Two Zero-Days On A 20-Year-Old Microsoft Windows File Discovered By Researchers

Spoolsv bug

As an operating system, Microsoft Windows needs to support a lot of peripheral devices, to also allow users manage things through them as easy as possible.

And here, every versions of Windows has a particular file that manages commands to print documents. That file has past unnoticed by security researchers, before security firm SafeBreach Labs took a closer look at the file. And after diving in deeper, the file also has a fatal bug.

The file that is called 'Print Spooler Service', is two decades old.

First, the researchers found that the file has a denial of service vulnerability the researchers reported earlier this 2020. When exploited, the file can crash the spooler service.
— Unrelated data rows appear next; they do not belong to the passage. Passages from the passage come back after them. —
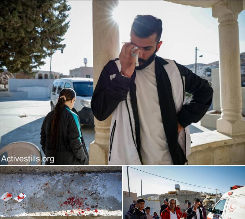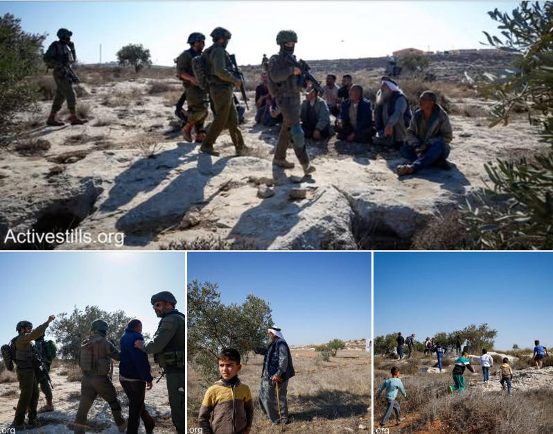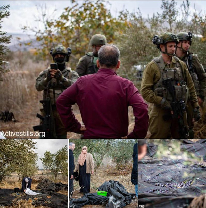 23. NOVEMBER: Die Bewohner von Beit Umra, westlich von Yatta im Westjordanland, versuchen, ihre Oliven zu ernten und ihr Land zu pflügen. Israelische Kolonialtruppen sind in das Gebiet eingedrungen, haben die landwirtschaftliche Arbeit verhindert und die Landbesitzer und Solidaritätsaktivisten gewaltsam aus den Olivenhainen vertrieben. Soldaten nahmen den Dorfvorsteher fest und bedrohten ihn mit den Worten, dass "jeder, der das Land noch einmal betritt, erschossen wird". Vor vier Monaten wurde in der Nähe dieser Ländereien ein Siedler-Außenposten errichtet. Letzte Woche wurde dort ebenfalls ein Militärposten errichtet. |
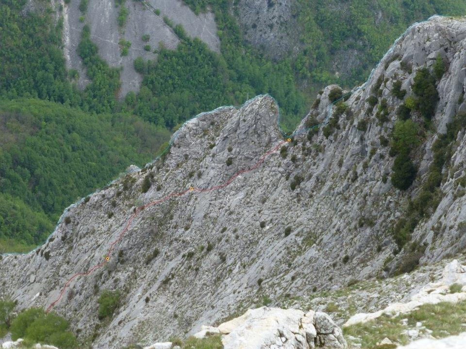 Si arriva quindi in una sella abbastanza larga, dove con camminata si raggiunge la base del canalino dell’anticima, divertente e protetto da vento (occhio ai sassi smossi dalle capre!), e quindi con altri passi di arrampicata misti a camminata si arriva sul traverso prima delle placche finali. Il traverso è in costante salita, non difficile ma con terreno friabile. Notato qualche spit che sembra di recente collocazione, e un “filo” metallico arrugginito che non mette troppa sicurezza.
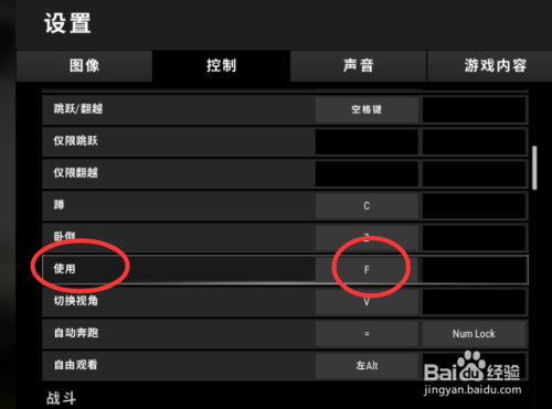 在节制设置下我们需要找到一个利用的按钮设置,这个设置什么意思呢,在游戏默认的设置里当我们接近车辆的时辰按F就可以进入到车子里面了。
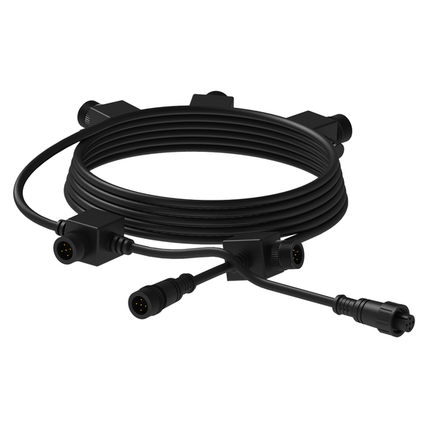 The Aquascape 5-Outlet Color-Changing Light Extension Cable allows for the extension of color-changing lights and splitters, providing a quick-connect fitting every 5 feet. Professional, weather-proof, 5-pin, quick-connect connections with integrated fitting grips make installation quick and easy. Simply insert the light or splitter connection into the extension fitting and turn the collar until hand-tight. Multiple extensions can be chained together to attain further cord runs.

The bug was found on the Print Spooler Service on Windows 10, and all the way back to the business-oriented Windows 2000, which was first released in the year 2000.

"We got intrigued, so we continued to dive in,” said Peleg Hadar, senior security researcher at SafeBreach Labs.

And this was when the researchers found the second flaw, which could allow hackers to gain system privileges on a PC.

Print spooler is essentially an executable file that manages the printing process inside Windows. The primary component of the printing interface in Windows, is this print spooler.

According to Hadar and Bar on their whitepaper, management of printing in Windows involves retrieving the location of the correct printer driver, loading that driver, spooling high-level function calls into a print job, scheduling the print job for printing, and so forth. The spooler is loaded at system startup and continues to run until the operating system is shut down.

“The Print Spooler code is at least 20 years old. In general, older code tends to contain old bugs and might be more risky because of security flaws but, in fact, there were only few discovered vulnerabilities in the spooler service during the last 20+ years,” Hadar said.

After Microsoft patched the issue in May (CVE-2020-1048), Hadar and his colleague, Tomer Bar, reverse-engineered the patch and found a way to bypass the patch and re-exploit the vulnerability.

Microsoft assigned this vulnerability a new identification number (CVE-2020-1337), and is working to deliver the patch on its August 2020 Patch Tuesday.

Hadar and Bar present the findings at the 2020 Black Hat hacking conference. The two researchers also release a proof-of-concept code on GitHub, which is designed to help detect attacks on the spooler service.

"We wanted to get people to think of a wider approach on how these kinds of issues can be mitigated," Hadar said.

Print spooler bug on Windows 2000
Print spooler bug on Windows 2000 crashed the service.

The most famous malware that has abused Windows' print spoiler service, was Stuxnet.

The computer worm made headlines all around the world after hackers managed to use it to sabotage centrifuges at an Iranian nuclear facility in 2010.

It's believed that the malware was developed jointly by the U.S. and Israel as a cyberweapon to cripple enemies' computer network, primarily developed to cause substantial damage to Iran's nuclear facility.

It was reported that Stuxnet was the two countries' method to at least delay Iran's nuclear programs. The two fear that the facility could eventually help Iran develop its own nuclear weapons.

As a malware, Stuxnet is extremely sophisticated, and capable of exploiting previous unknown zero-day vulnerabilities to infect computers and to spread.

Stuxnet reportedly ruined almost one fifth of Iran's nuclear centrifuges, and when spread to the internet, the malware has targeted industrial control systems, and infected some 200,000 computers and caused 1,000 machines to physically degrade.

Liam O’Murchu, a security specialist who investigated Stuxnet, was surprised at the longevity of his spooler service issue.

“It is amazing that the print spooler code appears to have survived untouched from when Stuxnet was discovered over 10 years ago through to today, and may in fact date back 20 years,” said O’Murchu, director of the security technology and response group at Symantec.